26.01.2015 - Press release

Foreign Minister Steinmeier issued the following statement in Berlin on the Day of Remembrance for the Victims of National Socialism on 27 January 2015:

27 January is branded into our history as the day when Auschwitz death camp was liberated by Soviet troops. It is a day for reflection, a day to remember the victims of the crime against humanity that was the Holocaust.

Not only politicians, but also parents and schools, are responsible for ensuring that this remembrance is passed on to the younger generation. It is not possible to draw a line under history – and certainly not under the murders of millions of people.

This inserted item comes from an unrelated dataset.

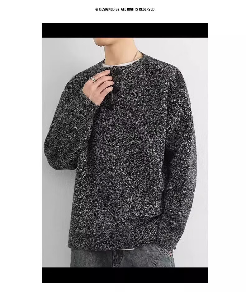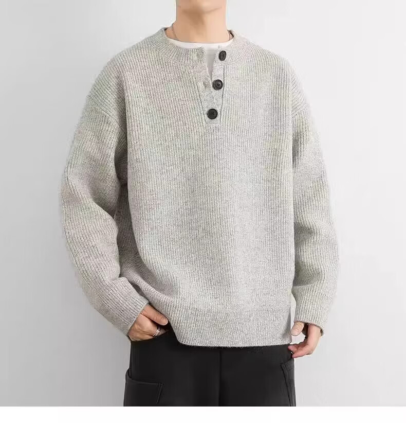 Playboy (PLAYBOY) autumn and winter top Korean simple Henry collar sweater men's trendy brand INS pullover bottoming sweater light gray M

The fatal attack on a kosher supermarket in Paris brought home to us with dreadful clarity that the need to stand up against anti-Semitism remains as pressing as ever. If Jews cannot feel safe in Europe, then none of us can feel safe.

The year 2015 is also an occasion to commemorate a new start. Fifty years ago, Germany and Israel agreed to establish diplomatic relations. This was a challenging decision at the time, and one that was highly contentious in Israel in particular. Taking this decision required courage and vision because for hundreds of thousands of Israelis, the memory of the Shoa meant the painful memory of their murdered relatives and of the untold suffering that they themselves had endured.

For both Israelis and Germans, the memory of the Shoa now forms an integral part of their national identity. I am glad and grateful when I see how dense and amicable the network of relationships between Israelis and Germans has become.

Background information:

Foreign Minister Steinmeier will open the commemorative concert, Violins of Hope, at the Berlin Philharmonie on 27 January. The concert will feature some 20 string instruments that belonged to Jewish musicians who emigrated or were murdered. These instruments were restored over a period of many years by the collector and restorer Amnon Weinstein, who has been invited to the concert from Tel Aviv, along with descendants of the former owners. Members of the Berliner Philharmoniker will play these historical instruments on 27 January. Amnon Weinstein has called the instruments “violins of hope”.